Manjarín. Entre Gijón y A Coruña

Tus primeros pasos en el fútbol siempre te marcan. Te perfilan como aficionado. No se es de un equipo porque si, siempre hay un motivo: Algún familiar o amigo, algún jugador que te llama la atención, el campeón de ese año, el club de tu ciudad…

Cuando empecé a interesarme por el fútbol, la mayoría de mis compañeros de colegio, un año más precoces que yo en esto de elegir colores, eran del Sporting de Gijón. La verdad que nunca he sido de ninguno de los dos grandes de Asturias. Ni Sporting, ni Oviedo; aunque si me gusta que les vaya bien. El caso es que por aquel entonces, uno de los ídolos del momento (aquí en Asturias, claro) era Javier Manjarín, recién fichado por el Depor de Arsenio Iglesias, que anteriormente había hecho gala de su buen juego en Gijón. Aunque no habían conseguido que simpatizara ni con rojiblancos ni con carballones, si lograron atraer mi atención hacia el futbolista.

Manjarín, extremo, perla de Mareo, ex internacional, y uno más de la generación de futbolistas españoles que dieron sus últimos coletazos en México.

Fichó por el Sporting con apenas 15 años tras destacar en el Inmaculada. Cuatro años después debutaba en el primer equipo, y encadenaba cinco temporadas, hasta los 23 años, que tuvieron su punto álgido en la 90/91 con la clasificación para la Copa de la UEFA. Aquel Sporting aglutinó en su vestuario al mítico Ablanedo y a los que serían en un futuro cercano grandes jugadores del panorama nacional: Luis Enrique y Abelardo, ambos con 20 años.

SPORTING_UEFA_91

Alineación del Sporting en el 91 // Fuente: realsporting.com

En el 93 fichó por el Deportivo de la Coruña, llegando a compartir vestuario con jugadores como Fran, Donato, Bebeto o Mauro Silva. Cuatro buenas temporadas en Riazor, disfrutando de minutos asiduamente y marcando algún gol hicieron del gijonés un habitual en la selección, con la que disputó la Euro del 96 en Inglaterra. Tras esas cuatro, vinieron otras dos temporadas en las que apenas contaba para José Manuel Corral en una, y para Javier Irureta en otra. Hecho que hizo posible su fichaje por el Racing de Santander, donde jugó sus dos últimas temporadas en primera.

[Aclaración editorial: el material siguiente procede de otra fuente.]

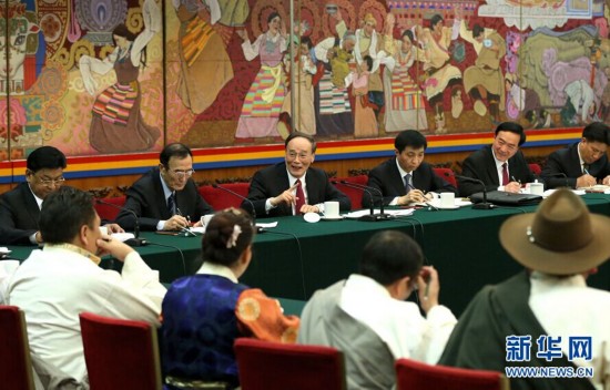 3月12日,中共中央政治局常委、中央纪委书记王岐山参加十二届全国人大三次会议西藏代表团的审议。 新华社记者 马占成 摄

Y como ya hicieran Butragueño, Pardeza, Bakero o Michel, Manjarín decidió terminar su carrera profesional en la exótica Liga Mexicana, en las filas del Atlético Celaya primero, y en las del Santos Laguna después. Tras esto, regresó a Galicia, y jugó para el modesto Atlético Arteixo una temporada antes de colgar las botas.

MANJARIN_EQUIPOS

Todos los equipos de manjarín // Fuente: Roberto Prieto

No hace mucho lo pude ver vistiendo de nuevo la camiseta deportivista, junto a otros ex compañeros como Songo’o, Romero o Djalminha, en la Liga de Fútbol Indoor, y recordé con nostalgia aquellos años en los que no paraban de salir figuras de Mareo, y en la que, ni los pequeños eran tan pequeños, ni los grandes tan grandes.